Для Ильина, как русского религиозного философа, отстаивавшего принципы "соборности", "софийности" и "святой телесности", вся эта героически-тонкая возня с понятиями кажется не более чем тоской человеческого "Я" по Абсолютному, по Богу (Там же. - С. 270).

Однако действительное положение дел заключается в том, что духовное у Фихте не является человеческим лицом. Рейнгольдовский принцип "представления" Фихте считал недостаточно "очищенным" от всего чувственного. Разъясняя в письме к Бардили эту собственно фихтевскую позицию, Рейнгольд подчёркивал следующее: "Абсолютное как абсолютное не является для Фихте ни субъектом, ни объектом (т.е. ни человеком, ни Богом. - А.Л.); и только то, что он называет чистым знанием, превращается у него в абсолютную субъективность. Поэтому Бог, которого он, правда, принимает за абсолютную объективность, превращается у него лишь в предмет чистой практической веры" (J.G. Fichte im Gesprach. - Bd. 3. - S. 166).

Фихте полагал, что помощь индивиду в борьбе с его косной природой может оказать только положительная религия или проповедь нравственного образа жизни. Вера в религиозные авторитеты и простое послушание недопустимы. Они только укрепляют человеческую косность. Это рассуждение - вполне в духе протестантизма. Учёный, по его мнению, должен принимать не меньшее участие в воспитании человеческого рода, чем священник. Ведь именно проповедь обращена к свободной воле индивида, как бы составляющей центр его духа. И всё же чисто проповедническая миссия Фихте явно не удовлетворяла. Он искал деятельности наиболее адекватной своему духу, своему "Я". Философия религии - одна из форм такой деятельности. Именно она создаёт возможность свободно действовать даже в таком мире, где всё представляется необходимым.

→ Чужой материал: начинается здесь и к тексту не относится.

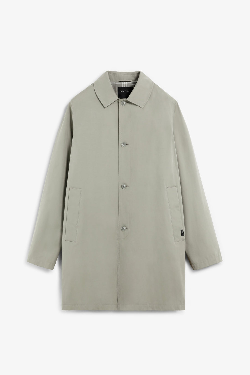 Trench boutonné sur le devant. Col chemise. Deux poches en biais devant. Couture sur toute la longueur. Fermeture boutonnée sur le devant. Doublure à carreaux. Étiquette avec logo sur la poche et à l’intérieur et imprimé skull sur la manche.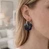 Boucles d’oreilles créoles avec grande fleur en résine colorée et anneau en acier inoxydable doré. Modèle tendance et original disponible en plusieurs couleurs.
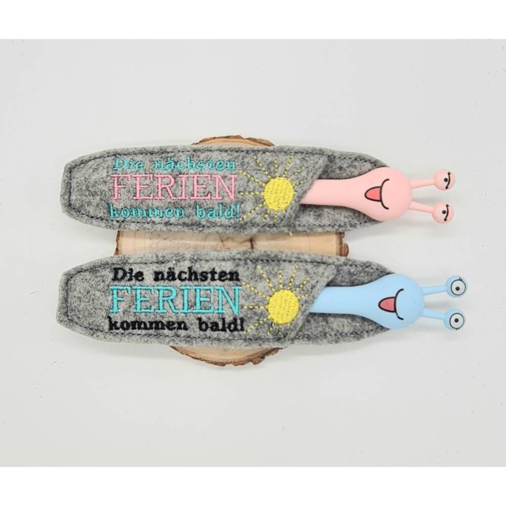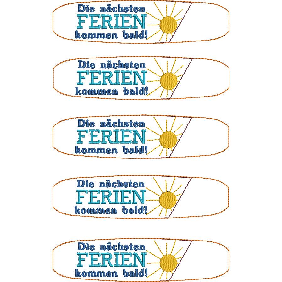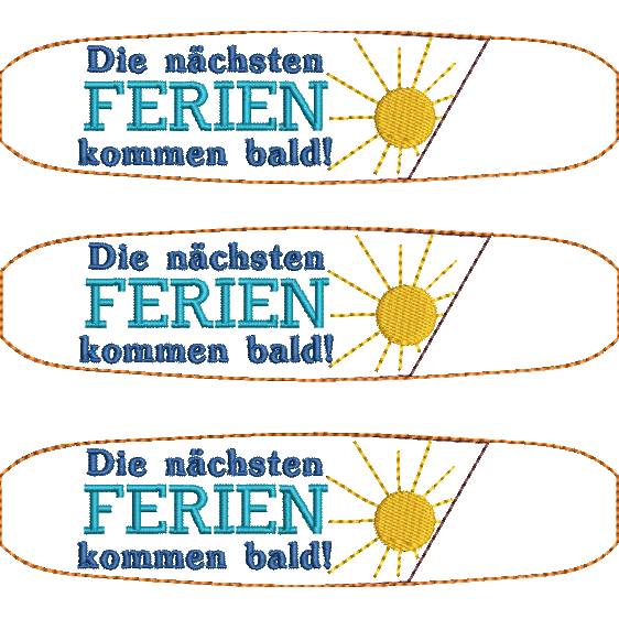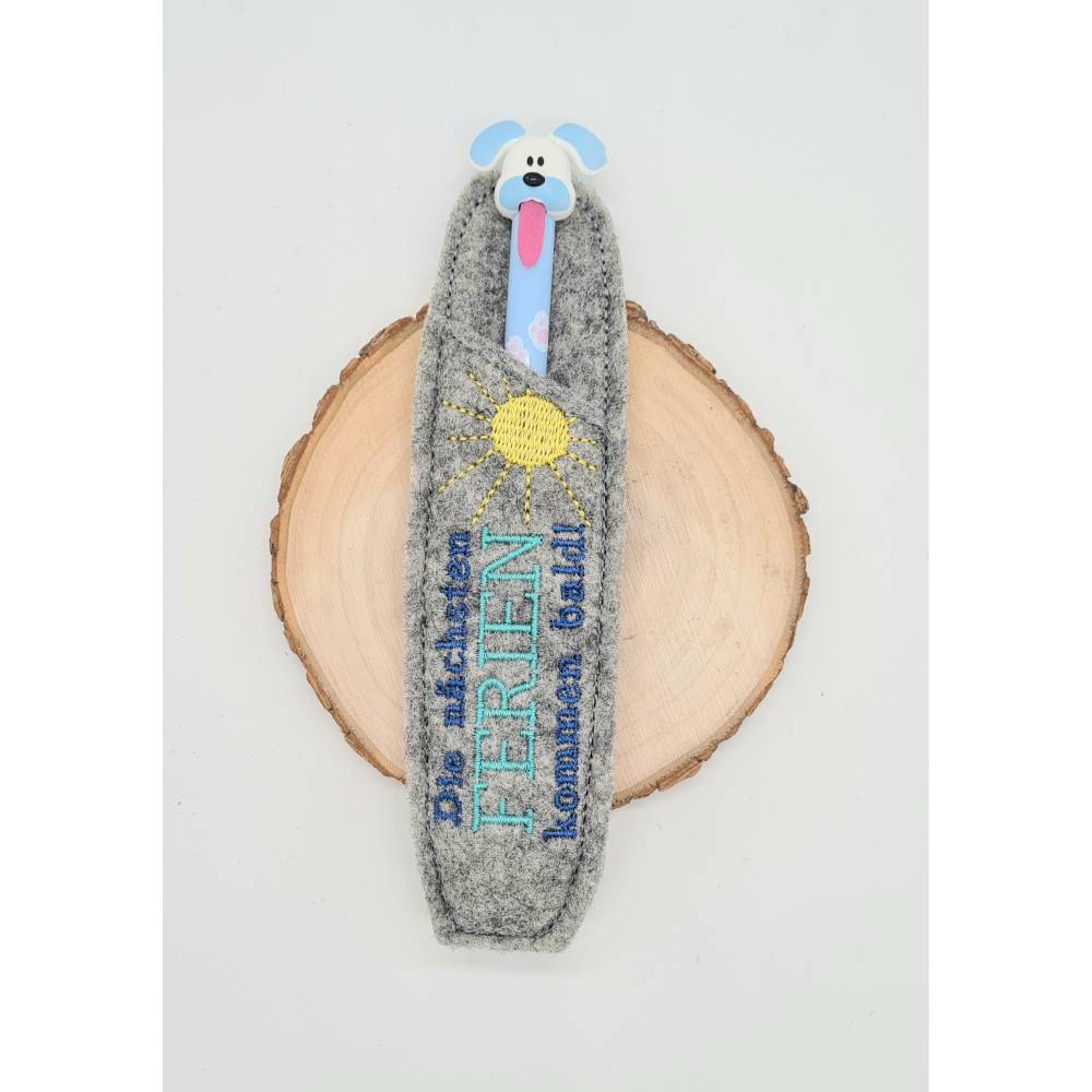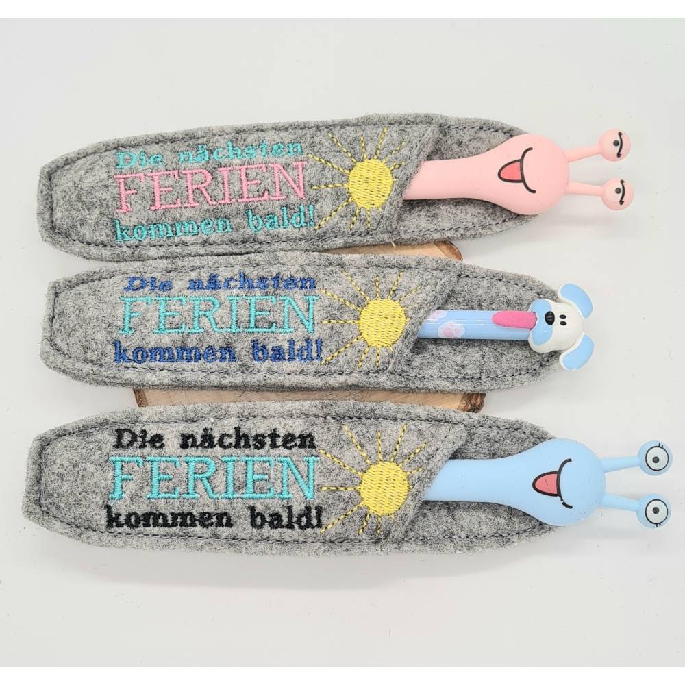 Die ITH Stickdatei für Kulli-Etuis bringt den Spruch „Die nächsten Ferien kommen bald...!“ direkt auf die Stifthülle und ist die perfekte Geschenkidee für alle, die schon vom nächsten Urlaub träumen.

4.5. Фихте и Шеллинг: проблема дальнейшего развития философии

религии. Вопрос об Абсолютном "Я"

В атмосфере общественного подъёма, во многом обусловленного революцией во Франции, Шеллинг вместе с рядом своих сокурсников (в их числе были Гегель и Гельдерлин) увлёкся вольнодумством. Обучаясь в Тюбингенском теологическом институте, он проявил особую страсть не к догматическому богословию, а к изучению языков (особенно к латинскому, древнегреческому, древнееврейскому и арабскому), а также к теоретической философии. С друзьями юный Шеллинг делился своими сокровенными мыслями, активно состязался в построении систем и очень быстро стал интеллектуальным лидером малочисленного, но блестящего юношеского кружка.

Решающий толчок для философского развития дало ознакомление в 1794 году с идеями "наукоучения" Фихте. В духе этой новой и оригинальной системы Шеллинг создал в том же году сочинение "О возможности формы философии вообще" (1794), а в 1795 году - "О Я как принципе философии или о безусловном в человеческом знании" (См.: Шеллинг Ф.В.Й. Ранние философские сочинения /Пер. с нем., вступ. ст., коммент., примеч.: И.Л. Фокин. - СПб.: Алетейя, Государственный Эрмитаж, 2000. - С. 5-104).

Фихте вскоре признал, что их юный автор досконально изучил суть "наукоучения". Правда уже в "Философских письмах о догматизме и критицизме" (1795) наметилась тенденция к отмежеванию философских воззрений Шеллинга от фихтевских. Но это осталось незамеченным и в ближайшие годы не получило оценки (См.: Кузнецов В.Н. Указ. соч. - С. 160).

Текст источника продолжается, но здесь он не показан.